**TASK BRIEF**: Once you find the line with "Ks. Łuczyka pamiętamy…" in the data below, transcribe exactly each line from there to the line with "CIUDAD DE MÉXICO, 01MARZO2019.- Zoe", inclusive, and nothing else. Drop the pictures.
_ _ _ _ _
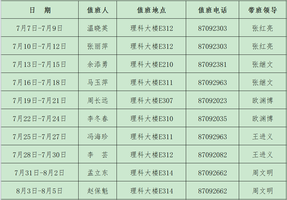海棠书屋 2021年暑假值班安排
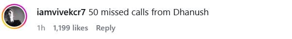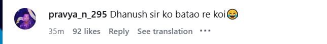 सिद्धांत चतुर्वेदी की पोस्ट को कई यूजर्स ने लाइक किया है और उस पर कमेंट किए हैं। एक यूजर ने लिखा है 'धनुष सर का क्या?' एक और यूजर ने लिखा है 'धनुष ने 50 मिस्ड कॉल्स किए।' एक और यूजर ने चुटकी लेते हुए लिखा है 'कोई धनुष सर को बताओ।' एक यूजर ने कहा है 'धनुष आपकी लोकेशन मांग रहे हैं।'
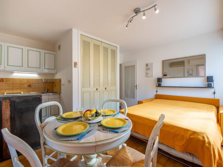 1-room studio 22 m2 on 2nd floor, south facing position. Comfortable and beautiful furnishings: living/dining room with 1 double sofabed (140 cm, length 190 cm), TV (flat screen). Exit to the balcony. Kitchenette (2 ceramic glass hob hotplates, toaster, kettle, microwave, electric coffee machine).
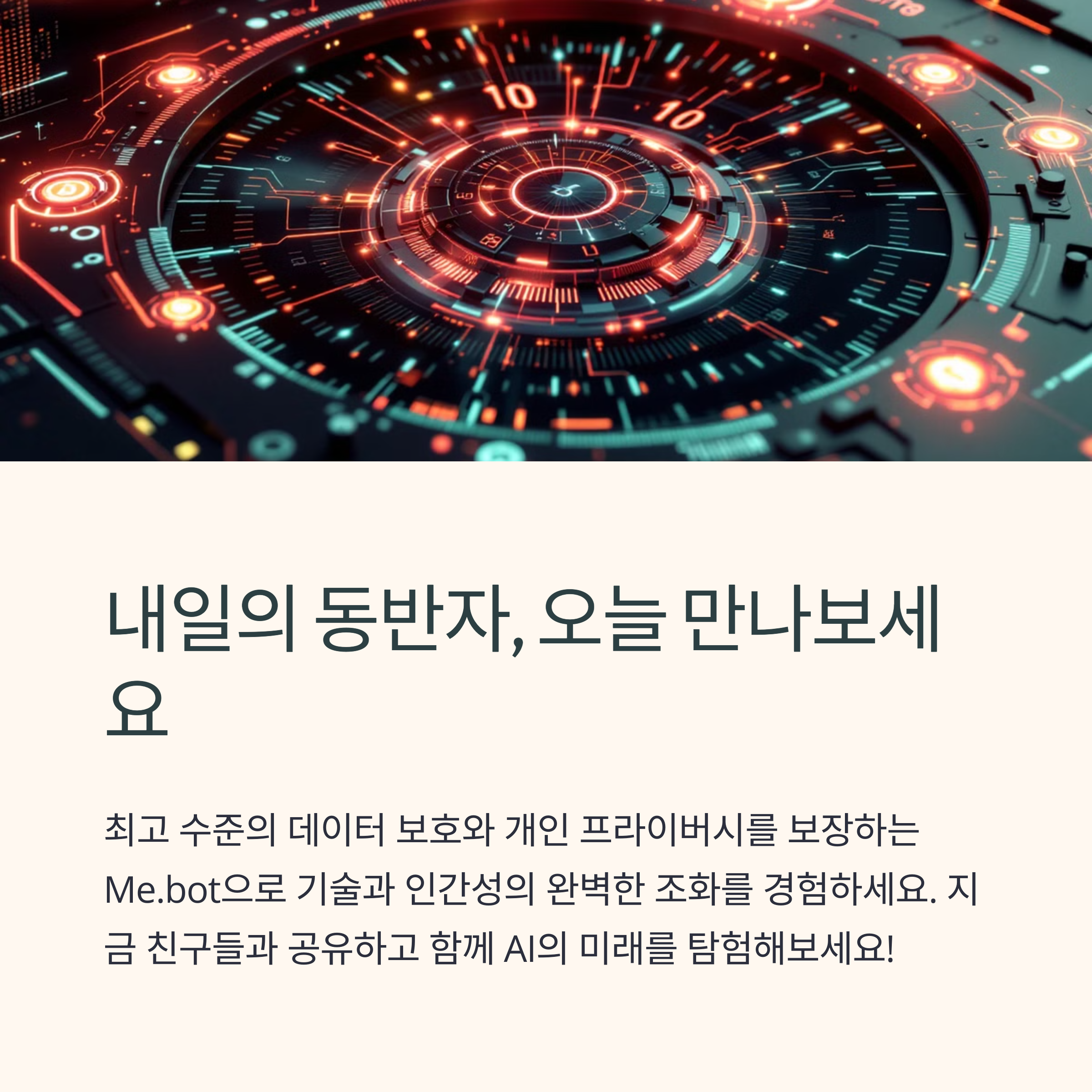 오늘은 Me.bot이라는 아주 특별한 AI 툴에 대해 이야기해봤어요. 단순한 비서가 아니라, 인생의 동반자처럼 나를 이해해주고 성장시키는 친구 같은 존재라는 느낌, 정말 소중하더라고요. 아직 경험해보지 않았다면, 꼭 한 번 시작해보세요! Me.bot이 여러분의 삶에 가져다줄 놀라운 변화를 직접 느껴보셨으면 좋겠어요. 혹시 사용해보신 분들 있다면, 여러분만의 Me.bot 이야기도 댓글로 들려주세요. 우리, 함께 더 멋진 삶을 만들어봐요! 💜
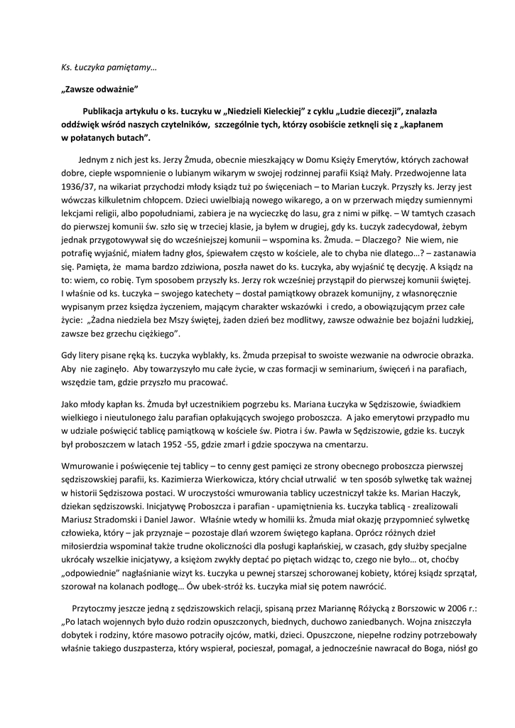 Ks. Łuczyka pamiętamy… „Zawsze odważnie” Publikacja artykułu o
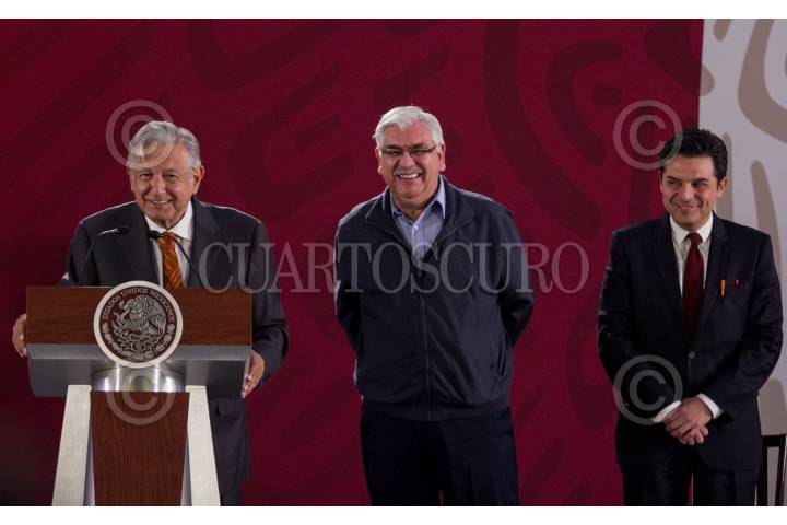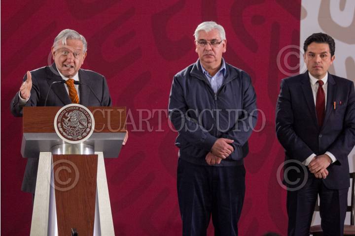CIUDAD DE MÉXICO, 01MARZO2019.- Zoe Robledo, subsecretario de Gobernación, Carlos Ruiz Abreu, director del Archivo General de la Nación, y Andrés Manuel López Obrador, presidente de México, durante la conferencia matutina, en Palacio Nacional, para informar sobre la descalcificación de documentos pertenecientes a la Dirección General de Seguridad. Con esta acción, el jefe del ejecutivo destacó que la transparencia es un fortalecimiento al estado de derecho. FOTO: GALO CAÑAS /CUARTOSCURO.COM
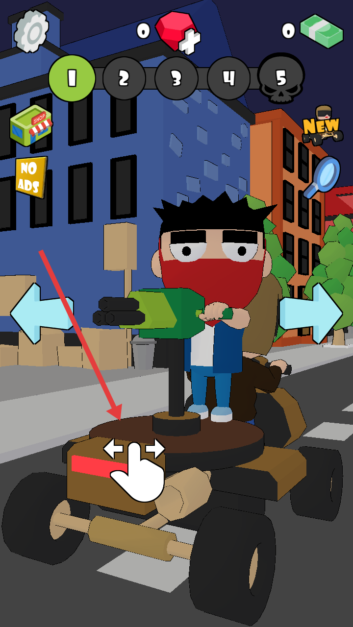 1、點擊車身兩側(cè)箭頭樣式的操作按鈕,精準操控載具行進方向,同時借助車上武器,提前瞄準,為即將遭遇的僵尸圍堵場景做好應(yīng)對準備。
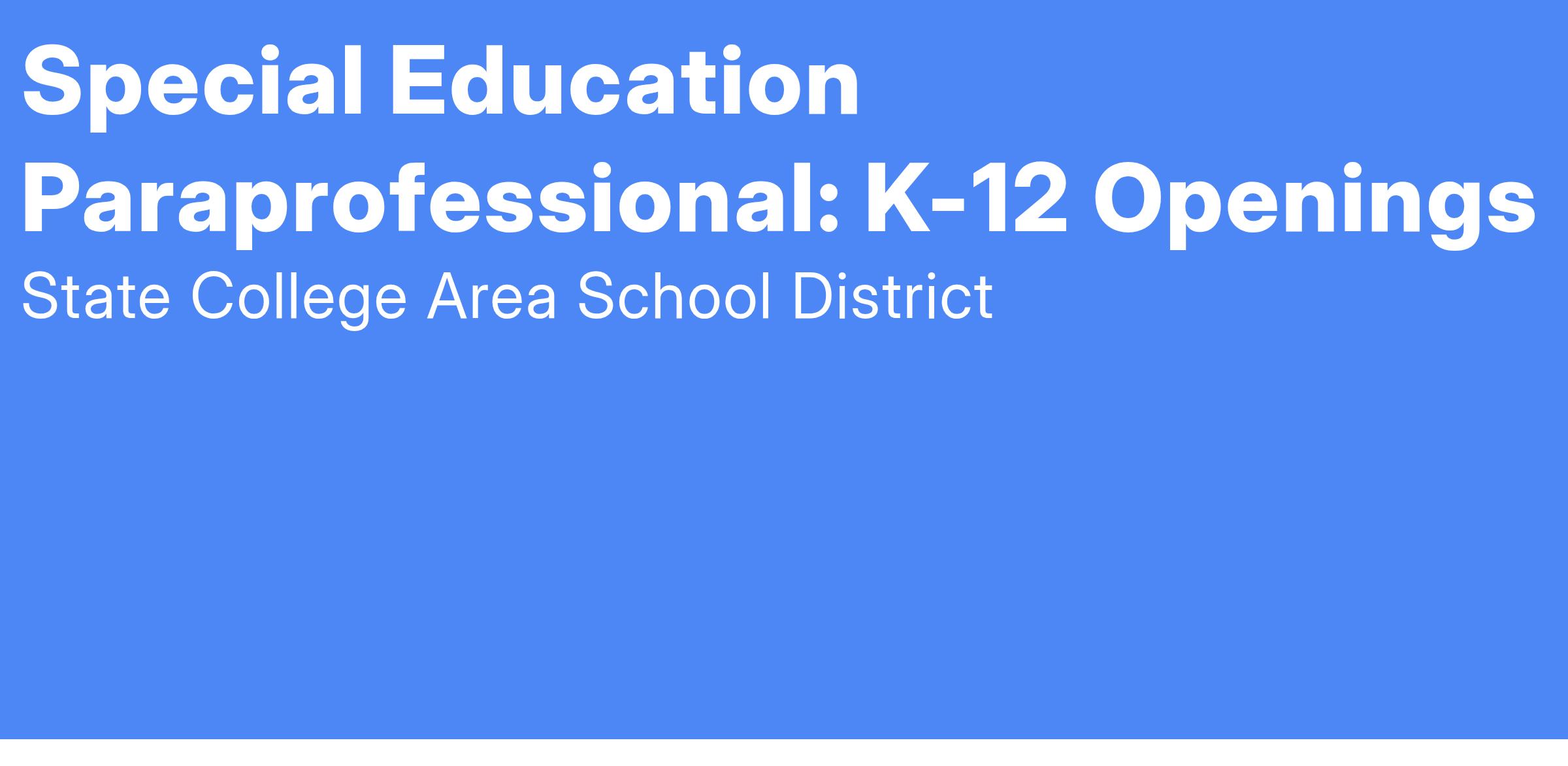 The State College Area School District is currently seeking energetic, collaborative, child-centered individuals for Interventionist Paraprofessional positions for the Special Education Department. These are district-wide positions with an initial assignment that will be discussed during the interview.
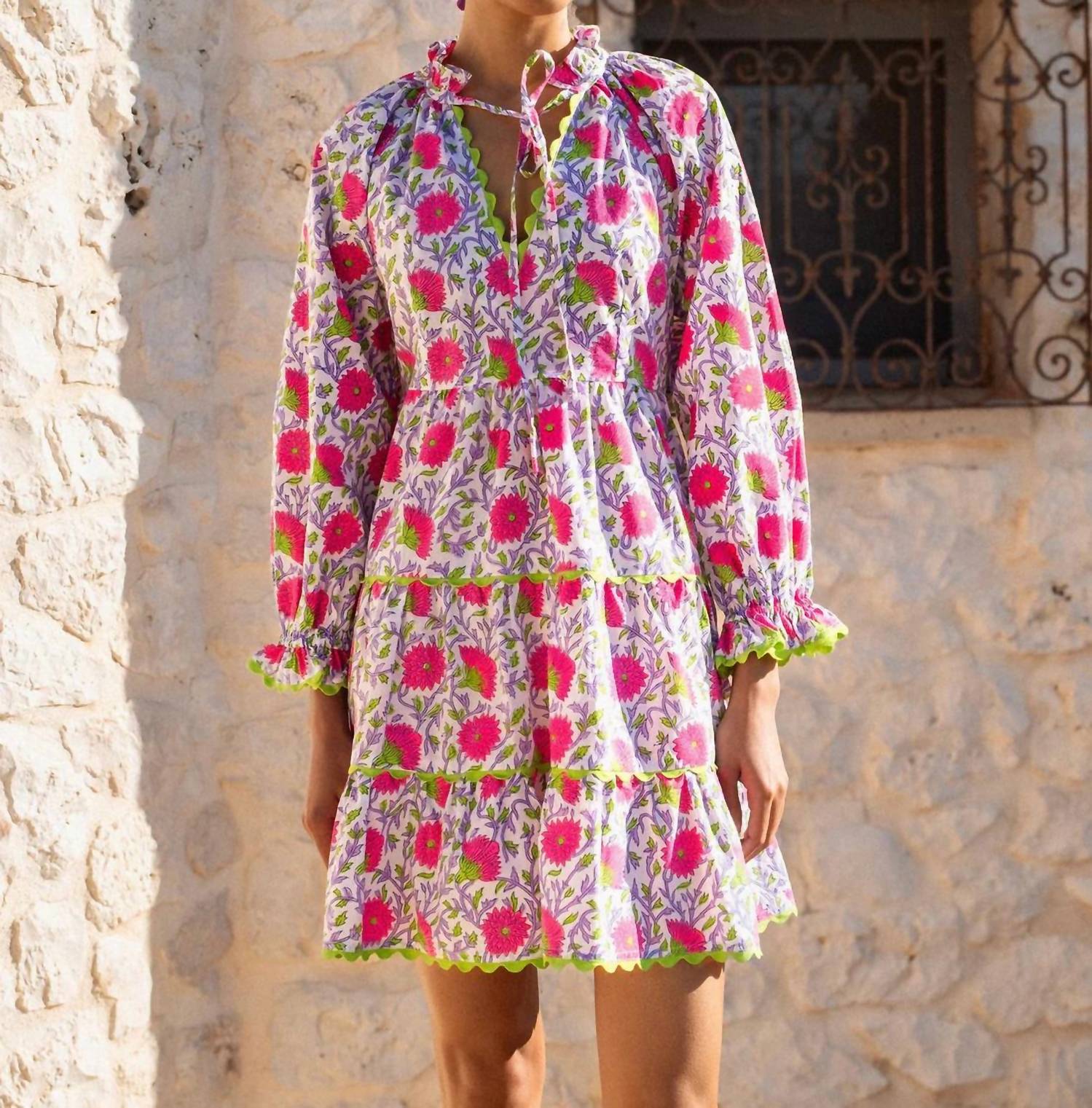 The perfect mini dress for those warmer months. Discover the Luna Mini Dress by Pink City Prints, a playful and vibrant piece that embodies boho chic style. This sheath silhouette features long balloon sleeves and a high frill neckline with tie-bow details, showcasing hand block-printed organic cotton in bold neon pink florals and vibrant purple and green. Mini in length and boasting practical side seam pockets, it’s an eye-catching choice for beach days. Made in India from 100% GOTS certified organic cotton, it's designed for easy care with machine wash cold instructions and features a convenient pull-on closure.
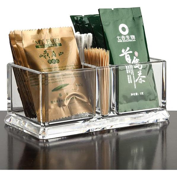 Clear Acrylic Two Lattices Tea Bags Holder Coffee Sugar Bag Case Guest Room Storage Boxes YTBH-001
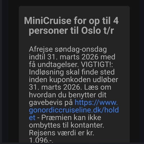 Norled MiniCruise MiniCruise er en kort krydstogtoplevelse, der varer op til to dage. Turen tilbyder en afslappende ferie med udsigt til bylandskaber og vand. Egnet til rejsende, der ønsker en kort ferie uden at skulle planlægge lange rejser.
_ _ _ _ _
**SOLUTION**:
 Ks. Łuczyka pamiętamy… „Zawsze odważnie” Publikacja artykułu o
CIUDAD DE MÉXICO, 01MARZO2019.- Zoe Robledo, subsecretario de Gobernación, Carlos Ruiz Abreu, director del Archivo General de la Nación, y Andrés Manuel López Obrador, presidente de México, durante la conferencia matutina, en Palacio Nacional, para informar sobre la descalcificación de documentos pertenecientes a la Dirección General de Seguridad. Con esta acción, el jefe del ejecutivo destacó que la transparencia es un fortalecimiento al estado de derecho. FOTO: GALO CAÑAS /CUARTOSCURO.COM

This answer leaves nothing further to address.